Тринити быстро обнаружил, что пребывать наедине с Викторией на протяжении целого дня совеем не так легко, как он ожидал. Может, она и была убийцей, но при этом оставалась очень красивой, чувственной и желанной женщиной. Способной свести с ума такого мужчину, как он.
Тринити, несмотря на то что ему приходилось все время сражаться со своенравным пони, на котором было навьючено нужное ей для съемки снаряжение, не мог отвести от нее глаз. Впрочем, если учесть, что Виктория ехала прямо перед ним, не обращать на нее внимания было практически невозможно.
Хотя просторная оленья куртка скрывала почти всю ее фигуру, она выглядела слишком хрупкой, чтобы управляться с норовистым пони и тяжелым геодезическим снаряжением.
Она не оборачивалась, не давая ему возможности хотя бы мельком увидеть очертание ее груди, но зато он мог неотрывно любоваться нежной линией ее затылка и шеи. Только на миг он представил себе, каково будет поцеловать ее шейку, отбросить шаловливые прядки, выбившиеся из ее прически, и тело его тут же напряглось от желания.
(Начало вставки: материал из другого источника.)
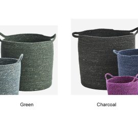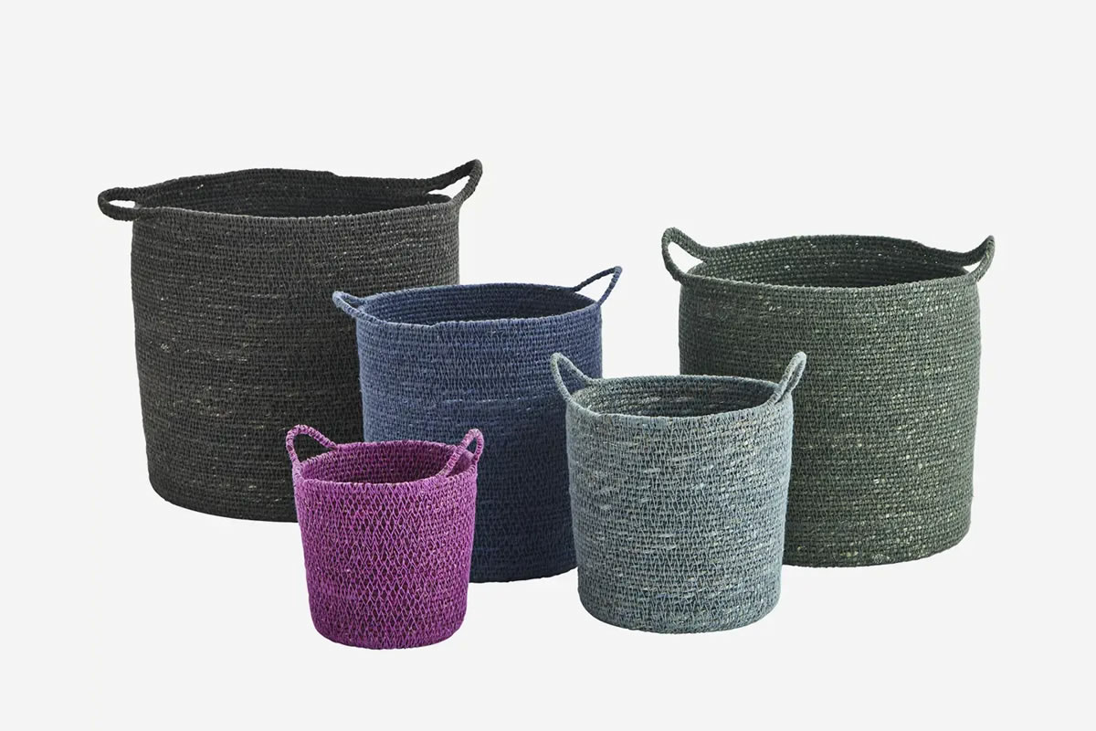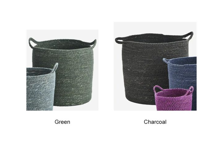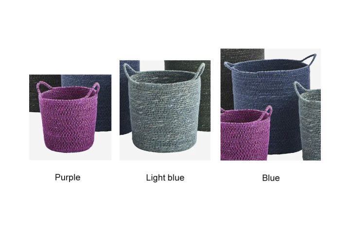 Description: Seagrass baskets made by Madam Stolz. Handmade, brightly colored, they are an elegant and eco-friendly way to store your things in style. Available in various sizes, each with its own colour.
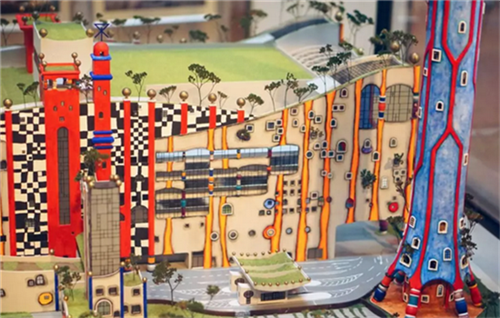 還有模型版本的設(shè)計(jì)圖。一如百水先生的風(fēng)格,漂亮的曲線,五彩的建筑,周圍,上下全部都是自然與調(diào)和。外部的配色看起詭異又十分瀟灑。
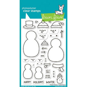 Create a whimsical winter family portrait with this charming stamp set! Each snowman has lots of ways to personalize! Layer with cozy accessories like scarves, hats, and buttons. The included tiny sentiments are perfect for All the Speech Bubbles too! Add your fluffy family members with the Frosty Family Add-On!
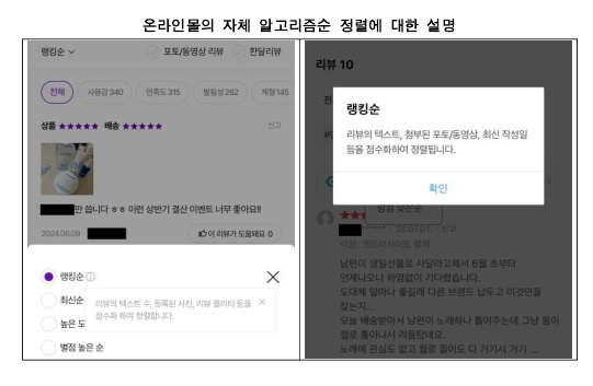 자체 알고리즘 정렬 방식은 리뷰 글자 수·작성일·평점(별점)·사진 포함 여부 등 온라인몰마다 기준이 달랐지만, 대부분 평점이 높고 장점 위주로 묘사된 리뷰를 먼저 표시하는 것으로 나타났다.
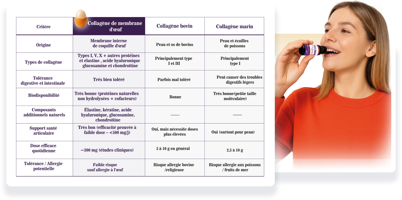 source de collagène naturel(protéine type I, V et X),acide hyaluronique, glucosamine, chondroïtine et autre.
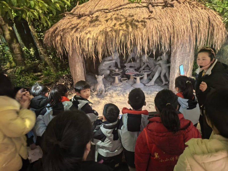 研学之旅的首站是圩墩遗址博物馆。步入馆内,史前先民智慧的结晶扑面而来,运用榫卯技术搭建的干栏式房屋复原场景古朴逼真,承载生活印记的各类陶器、打磨精细的石器、用于纺织的纺轮与缝制衣服的骨针整齐陈列。在讲解员生动细致的解说中,同学们屏息聆听、驻足观察,书本上抽象的“马家浜文化”瞬间变得生动具体,先民们改造生活的创造力与生命力,在文物的静默诉说中深深烙印在孩子们心中。
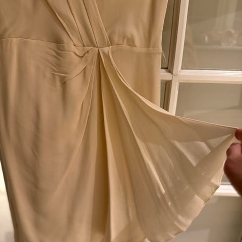 Michael Kors festkjole i størrelse S, beige farge og laget av polyester. Kjolen har en tettsittende passform og er egnet for formelle anledninger.
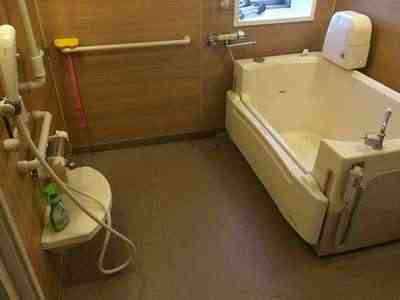 | 居室設備 | フラットフロア、引き戸式ドア(玄関)、フローリング、温水洗浄機能付きトイレ、車椅子対応トイレ、鏡、化粧洗面台、電動介護ベッド、クローゼット、照明器具、防火カーテン、ナースコール、エアコン、地上波アンテナ、椅子、テレビ、冷蔵庫、三段チェスト |
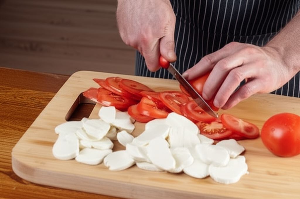 Pomidory opłucz i wraz z serem Mozzarella pokrój na plastry. Oliwki przetnij na połówki.
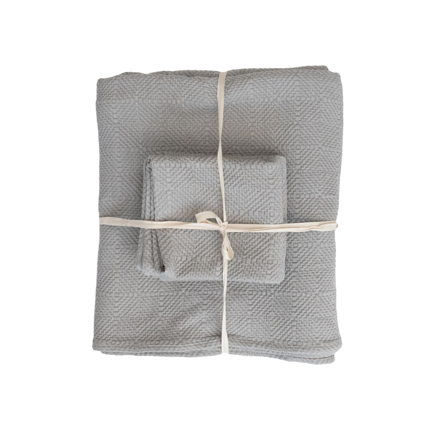 100% Woven Cotton Jacquard Bed Cover w/ 2 Standard Shams, Queen, Grey & Cream Color, Set of 3
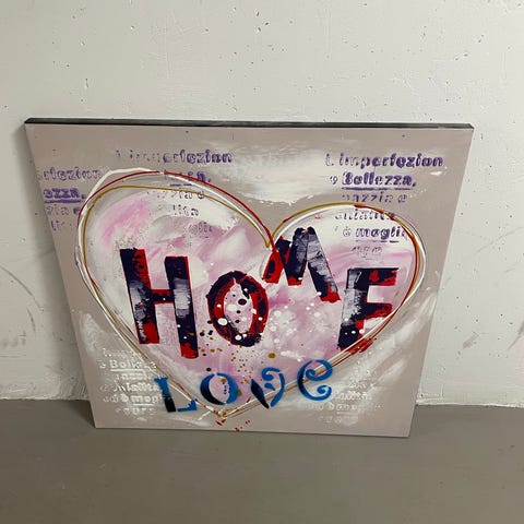 En fin tavla med texten "love" och blommotiv. Tryck på duk.
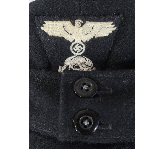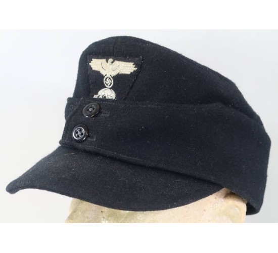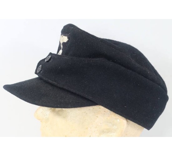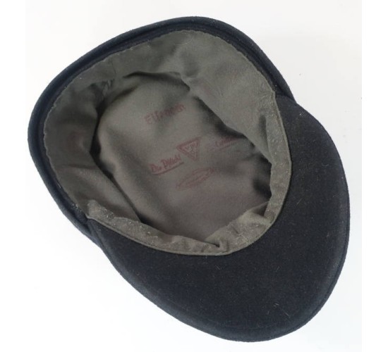 RD577.)WAFFEN-SS PANZER ENLISTED RANKS M43 CAP: nice example, an old, vintage piece of tailoring and one made to fool. It still has the original dealer price tag on it ($3,000 and I'm not kidding!). Properly constructed in every respect and tailored of a quality black wool. Shows a perfect profile and shape; two 14mm wide black composition buttons at front. At front is separately hand sewn on W-SS M43 cap eagle which is machine embroidered on black trapezoid. Embroidered details are off-white thread and mildly soiled from the years. Interior of cap is lined with gray brushed cotton and is ink stamped with multiple maker's marks 'Eisenbach' and 'Die Pflicht'. About a European size 59 if not a tad larger.
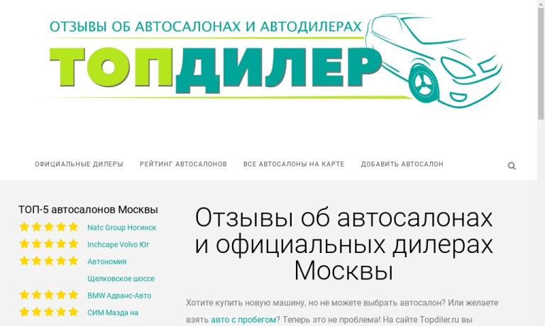 Отзывы об автосалонах на Topdiler.ru
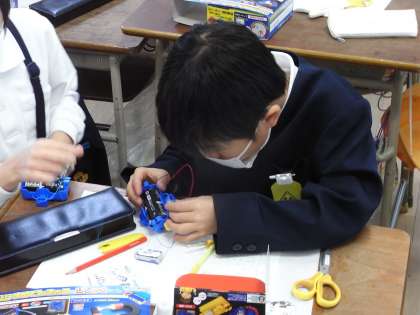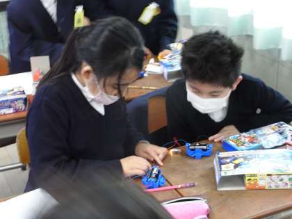 12月14日(月)、3年の理科では、回路の途中に硬貨やアルミホイルなどをはさんだ時の豆電球の点灯の様子から、どんなものが電気を通すのかを調べました。
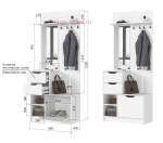 Комплект мебели в прихожую шириной 165 см состоит из вешалки и распашного шкафа для одежды. Прихожую и шкаф можно поставить рядом или по разным стенам, комплект можно дополнить комодом, пеналом или шкафом большего размера. Прихожая Руна белого цвета, высота 210 см. Напольная вешалка с зеркалом, комодом и тумбой для хранения обуви, шкаф глубиной 50 см подходит для верхней одежды и укомплектован двумя полками.
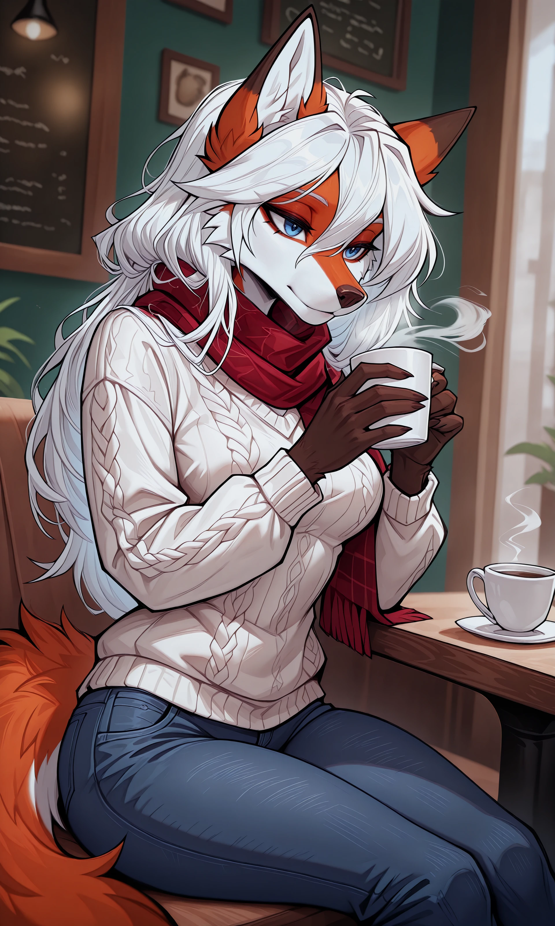 Feyra, white_hair, orange_fur, blue eyes, two-tone_fur, white fur,
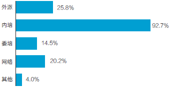 调研数据显示,2014年园区92.7%的企业选择内部培训方式来培养人才,25.8%的企业选择人才外派进行培养,20.2%和14.5%的企业选择网络和委培的方式来培养人才,还有4%的企业会采取其他方式对人才进行培养。与2013年相比,采用网络培训企业数量有了很大程度的提高。

Ехать верхом в таком возбужденном состоянии было, мягко говоря, неудобно, и он проклинал свою реакцию, напоминавшую годы юности. И даже когда он пытался сосредоточиться на окружающих пейзажах, один звук ее певучего голоса обволакивал его, как теплое одеяло холодной ночью, и постоянно напоминал о ее близком присутствии.
Должно быть, он слишком долго держался вдали от женщин. Не мог он придумать другого объяснения этой раскручивающейся спирали чувств, которая быстро уничтожала всякую способность сосредоточиться на том, как увезти ее отсюда, никого не пристрелив. Ему следовало лучше соображать, иначе любой индеец между Колорадо и Мексикой завтра пойдет по его следу, а он этого не заметит.
Кроме того, если остальные работники ранчо относятся к Виктории так, как Рыжий и Перес, ему предстоит непростая работа.
– Как замечательно вырваться на свободу! – промолвила Виктория, когда они выбрались на самый гребень. Перед ними открылась великолепная горная панорама.
Туман, словно покрывалом, накрыл лежащую внизу долину. Верхушки сосен пронзали слой тумана, как колышки, удерживающие его на месте. С далеких заснеженных пиков слетал бодрящий ветер.
– Кто обычно с вами ездит? – поинтересовался Тринити. Он не мог представить себе, что Бак или Грант позволили бы ей одной, без сопровождения, забираться так далеко от ранчо.
– Кто-нибудь. Кто в этот момент свободен, – ответила Виктория. Она сняла шляпу и позволила волосам свободно рассыпаться по плечам.
Тринити понять не мог, как он позабыл о ее волосах. В доме, при скудном освещении, они казались темными, как потускневшая медь. Но этим утром, на ярком солнце, они словно ожили. Тринити всегда предпочитал белокурых. У Куини были самые длинные и роскошные белокурые локоны, которые он когда- либо видел. Теперь он признал, что тициановские темно-рыжие столь же прекрасны.
– Из-за того, что у нас нехватка работников, я давно не выезжала из дому, – объяснила Виктория. – Вы не можете себе представить, как я обрадовалась, когда появились вы. Я поняла, что дядя пошлет вас со мной.
– Почему? Я бы подумал, что он скорее пошлет кого-то из старых работников.
– Он так и хотел, но я попросила вас.